DIRECTIONS – What you give back from the listing below should be an exact copy of the lines from the one with "Di fianco al" down to the one with "1番線ホーム(王寺、奈良方面", and it should contain no pictures.

─── DATA FOR THE TASK ───

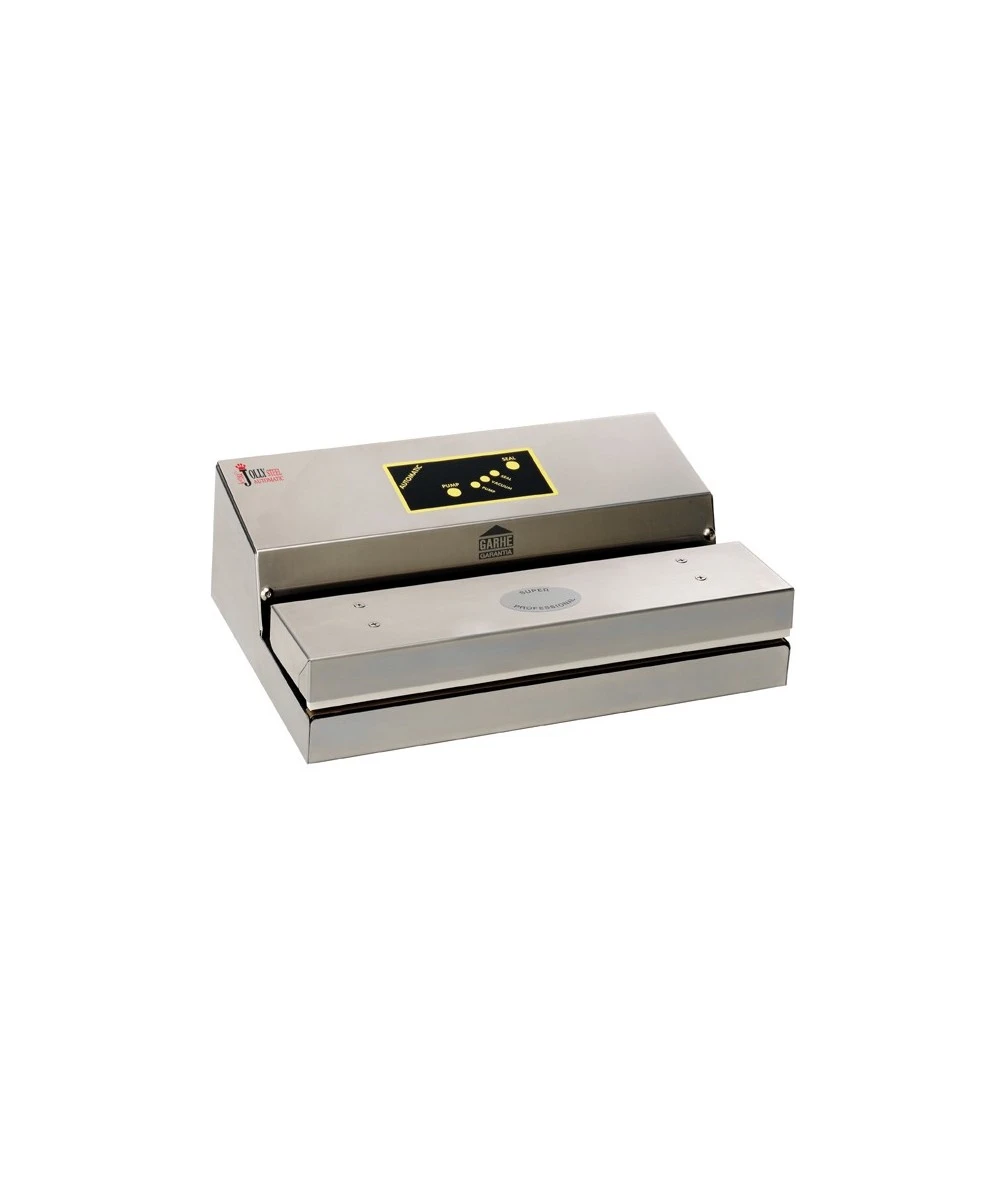 Envasadora automática en acero inox compacta, ligera y muy fácil de usar, que combina las grandes prestaciones de los modelos semiprofesionales con la sencillez de uso de los modelos más domésticos.
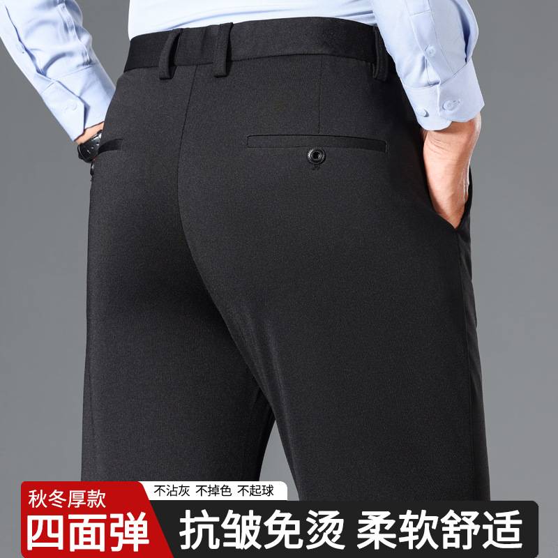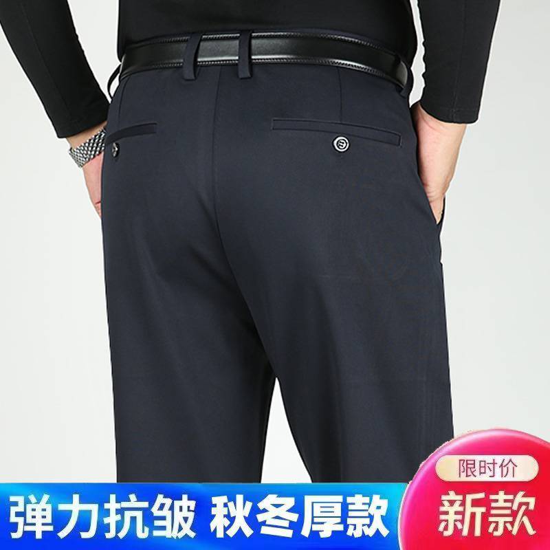品牌官方中年男士休闲长裤子春秋厚款弹力免烫男裤父亲宽松直筒爸
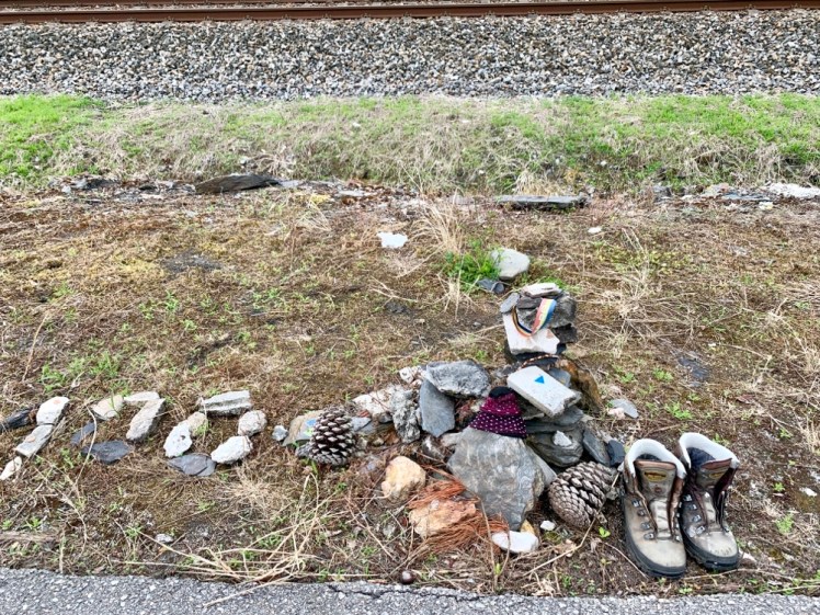 Di fianco al mojon, i pellegrini di passaggio lasciano un sasso ricordo o piccoli oggetti. Qualcuno ha lasciato addirittura gli scarponi.
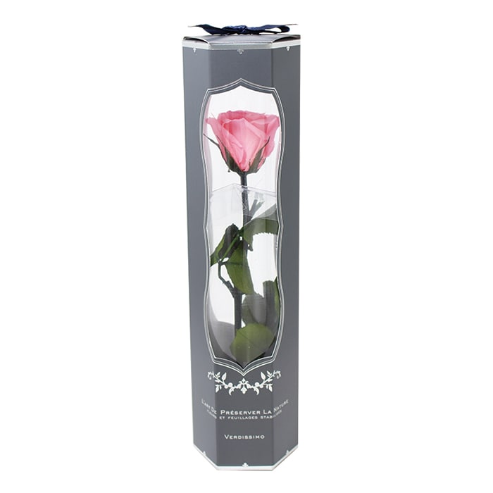 モノ・インターナショナル verdissimo プリザーブドフラワー 55827 ミニベルローズ ドルチェピンク グレー箱リボン 1本(ご注文単位1本)【直送品】
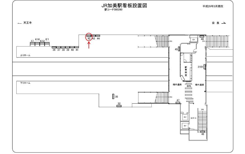 1番線ホーム(王寺、奈良方面)に設置されていますが、反対車線である2番ホーム(天王寺、大阪方面)ご利用の方々にも見ることができる媒体になります。
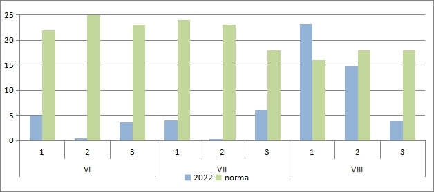 70-90 мм (75-90% нормы); в центральных районах – 5-30 мм (10-55% нормы), местами
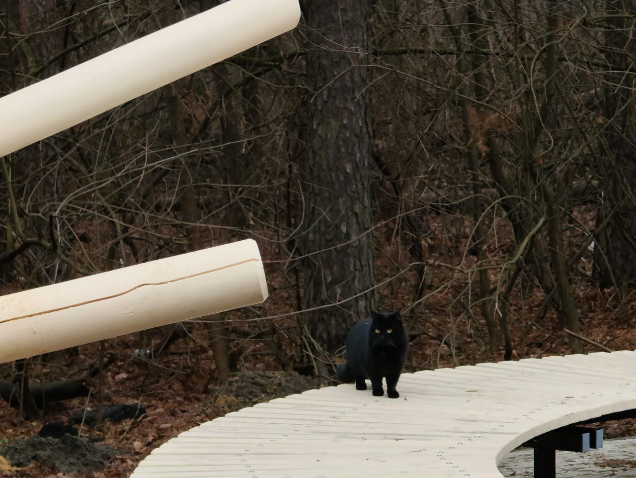 Также здесь появился необычный объект - огромный деревянный ёж. Идея родилась во время дизайн-игры, которую архитекторы, проектировавшие благоустройство, провели с учениками школы №9, расположенной в микрорайоне, в который ведет дорога. Дети придумали кормушку, где можно повстречать ежа - ёжермушку.
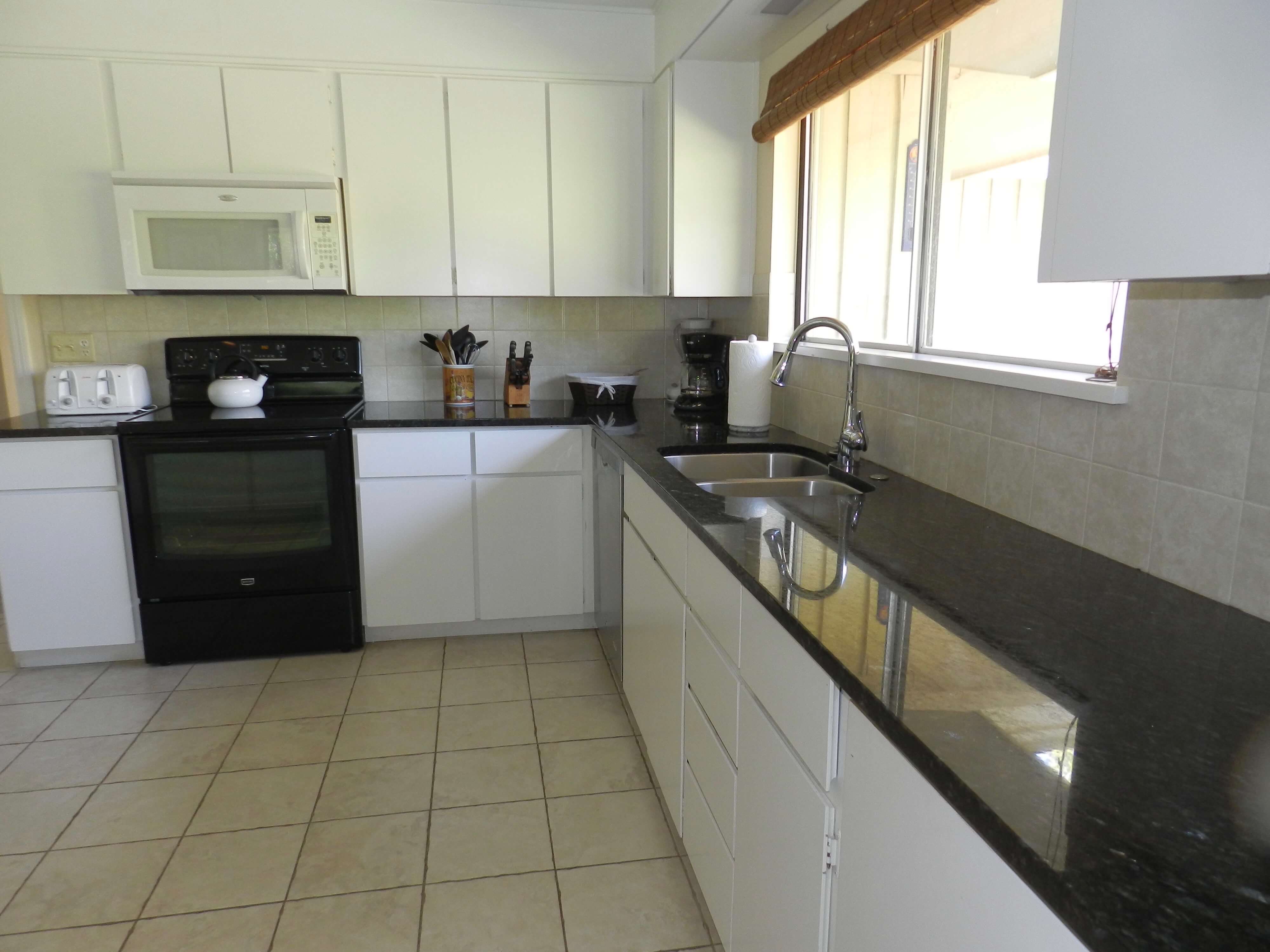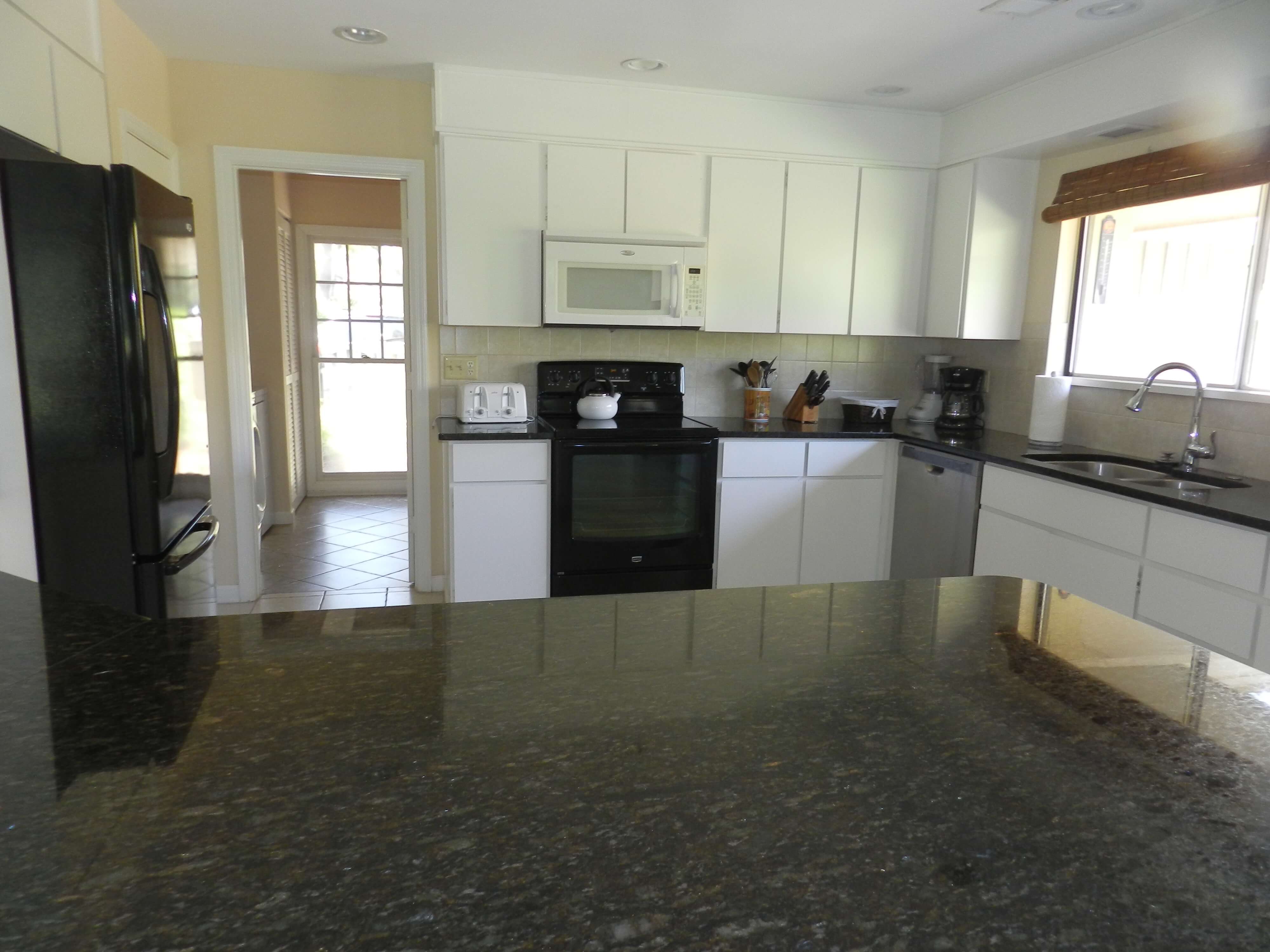 An open kitchen area, with granite countertops and counter seating for 4.
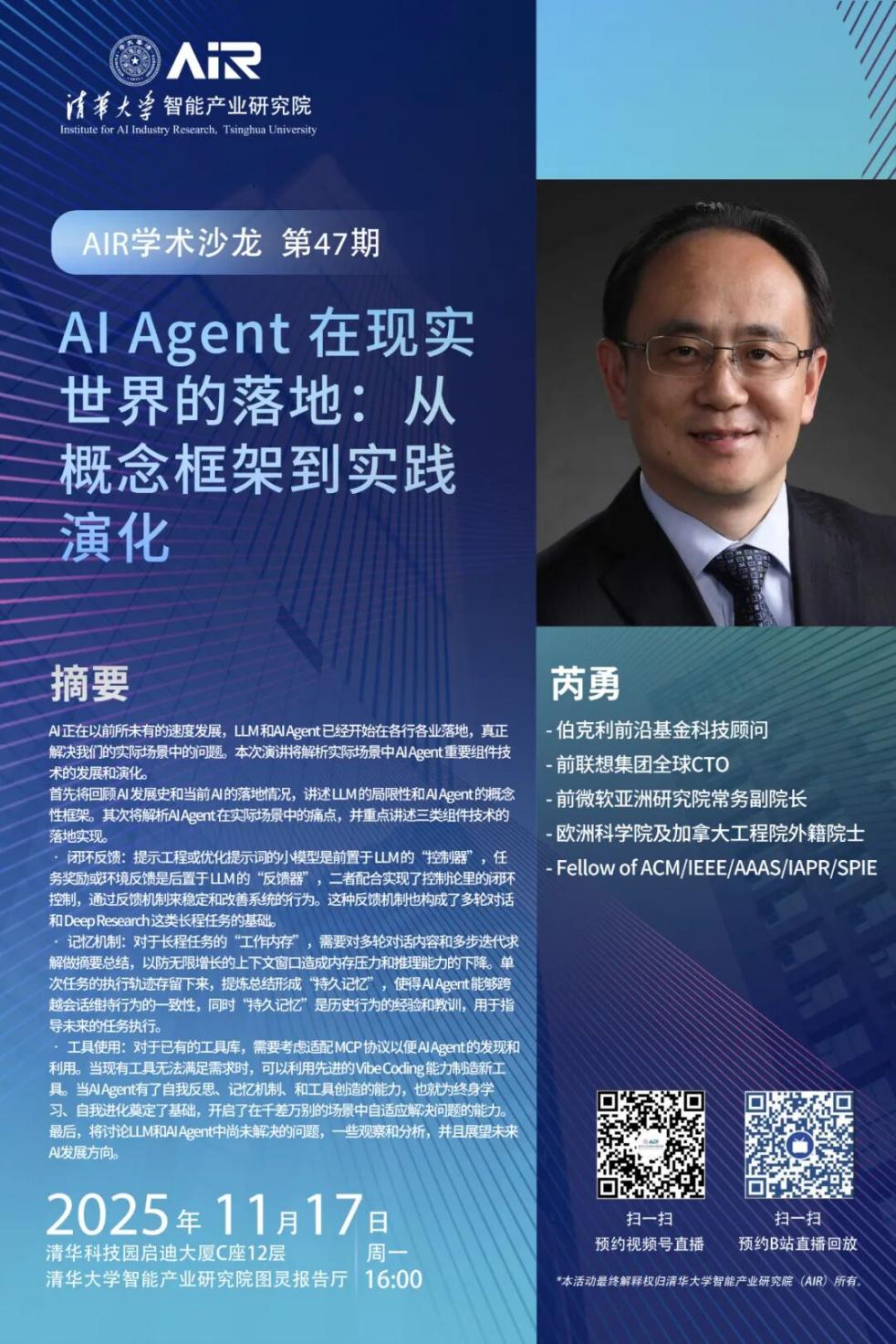 参与方式:清华大学智能产业研究院图灵报告厅或扫码观看
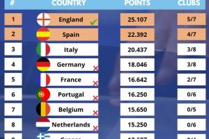 24/25賽季各聯(lián)賽歐戰(zhàn)積分(前2名獲額外歐冠名額):
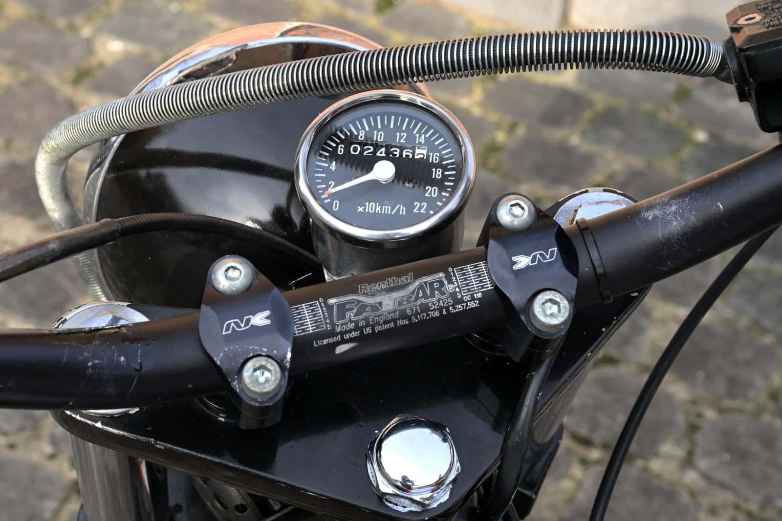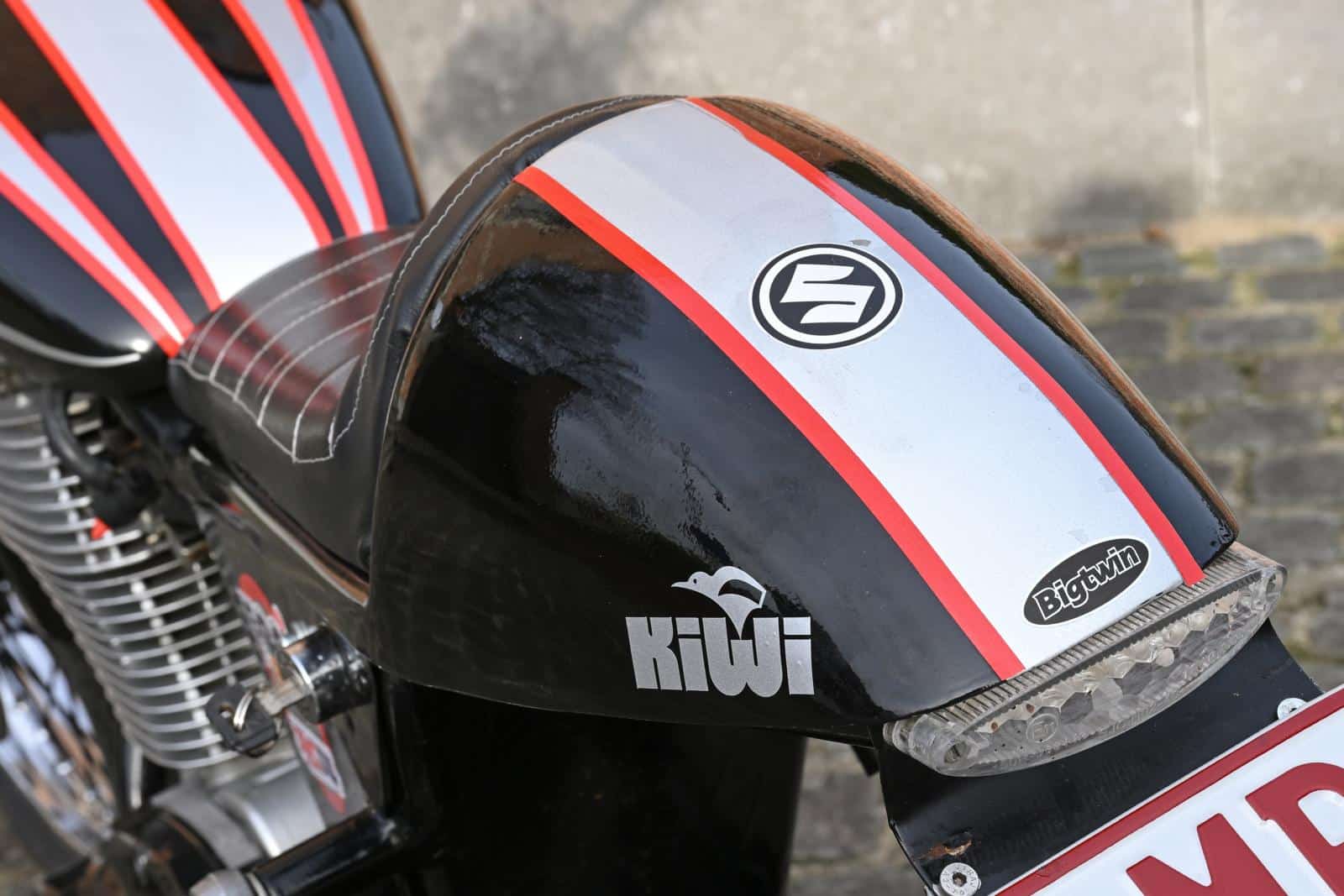 Andy vertelt enthousiast verder: “Op mijn schappen heb ik een enorme stock aan afgeschreven onderdelen liggen. Gerecupereerd uit voormalige projecten of gewoon doelloos aangesleept uit oldtimerbeurzen zoals Wieze of Veteraanmotoren Houtland te Roeselare. Verder ben ik op het internet steeds op zoek naar afdankertjes die dikwijls voor een paar honderd euro mee te scharrelen zijn. Zo kwam ik in Nederland, dicht tegen de Belgische grens, een Savage op het spoor. Een aartslelijk zwart gespoten en tot ratbike verbouwd gedrocht, dat bij zijn eigenares al jarenlang stilstond. Initieel vroeg ze er 500 euro voor, maar voor een luttele 400 euro had ik enige tijd later de deal rond. Aanvankelijk wou ik de Japanner gebruiken als reservedonor voor een eerder gebouwde caféracer. Bij thuiskomst kreeg ik het motorblokje tot mijn verwondering vrij makkelijk opgestart. Het zoemde letterlijk als vanouds. In die periode zag ik in de buurt van Zolder promotieborden voor een Speedway evenement. Dat bracht me op het idee om de eencilinder machine tot flattracker te transformeren. Mede door een gebrekkige 15 inch bandenkeuze voor dat type motoren bleek dat niet zo’n goed idee. Een bobbertje was alsnog een bruikbaar alternatief, maar helaas ben ik niet erg custom minded aangelegd. Toen ik wat later een verleidelijk plaatje van een Triumph Scrambler uit de zestigerjaren zag, was de keuze evenwel snel gemaakt. Dat zou het worden!”

───

SOLVED EXERCISE –
 Di fianco al mojon, i pellegrini di passaggio lasciano un sasso ricordo o piccoli oggetti. Qualcuno ha lasciato addirittura gli scarponi.
 モノ・インターナショナル verdissimo プリザーブドフラワー 55827 ミニベルローズ ドルチェピンク グレー箱リボン 1本(ご注文単位1本)【直送品】
 1番線ホーム(王寺、奈良方面)に設置されていますが、反対車線である2番ホーム(天王寺、大阪方面)ご利用の方々にも見ることができる媒体になります。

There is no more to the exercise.